Government of the poor, by the rich, for the rich
So, I have been thinking about how often our ostensibly “representative government” does not represent. One impressive demonstration of this is marijuana legislation, but there are many. If one does some digging, one can quite often find things that 70% of the population or more is in favor of, but congress has no interest in implementing. A less evil health care system would be one obvious example. And I realized, the reason for this is that our government is in fact of the poor, by the rich, for the rich, and always has been. Our founding fathers had no intention originally of letting poor folks (them as don’t own land) vote at all, and the republican party has been keeping up the tradition of voter suppression in ways small and large for most of our lifetimes. And, while the democrats are marginally less evil (they generally are willing to allow some small social safety networks), they are also a bunch of rich old white dudes (with a few exceptions that they routinely lambast, like Bernie and AOC) who have no intention of taking care of the poor – the goal here is to make sure that the poor stay nicely enslaved so the rich can afford multiple yachts.
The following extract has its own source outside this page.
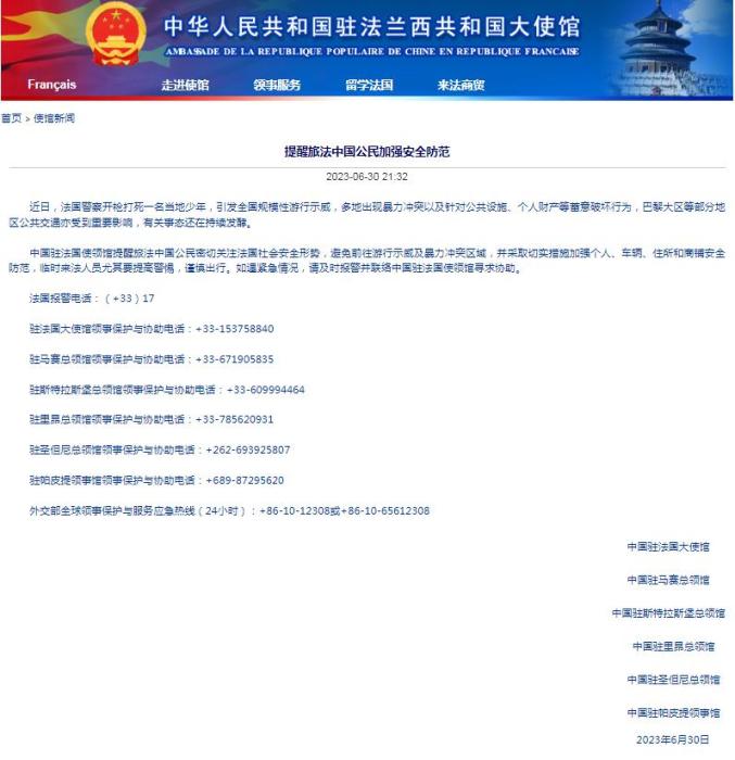 中新網(wǎng)7月1日電 據(jù)中國駐法國大使館當(dāng)?shù)貢r(shí)間6月30日消息,法國警察開槍射殺少年事件,在法國引發(fā)全國規(guī)模性游行示威,事態(tài)持續(xù)發(fā)酵,中國駐法國大使館提醒旅法中國公民加強(qiáng)安全防范。

If we had the ability to make any changes.. which we don’t, really, the rich have always been in charge and probably always will be in charge.. one thing we should consider doing is requiring congress to consist of individuals that are proportionally representative in wealth to the people they represent. (We could also try to get them to be representative in gender and race)
I’m not actually sure how this would work given that you need people to opt in to being representatives for representative government and them as don’t have are not likely to have the spare time and energy to run for government. But what we’ve got right now is clearly not representing us at all.
December 6th, 2020 at 1:31 am
Actually, you don’t need people to opt in. You could treat it like jury duty. And I don’t think too many people would shirk Congressional duty, as the annual salary is $174,000.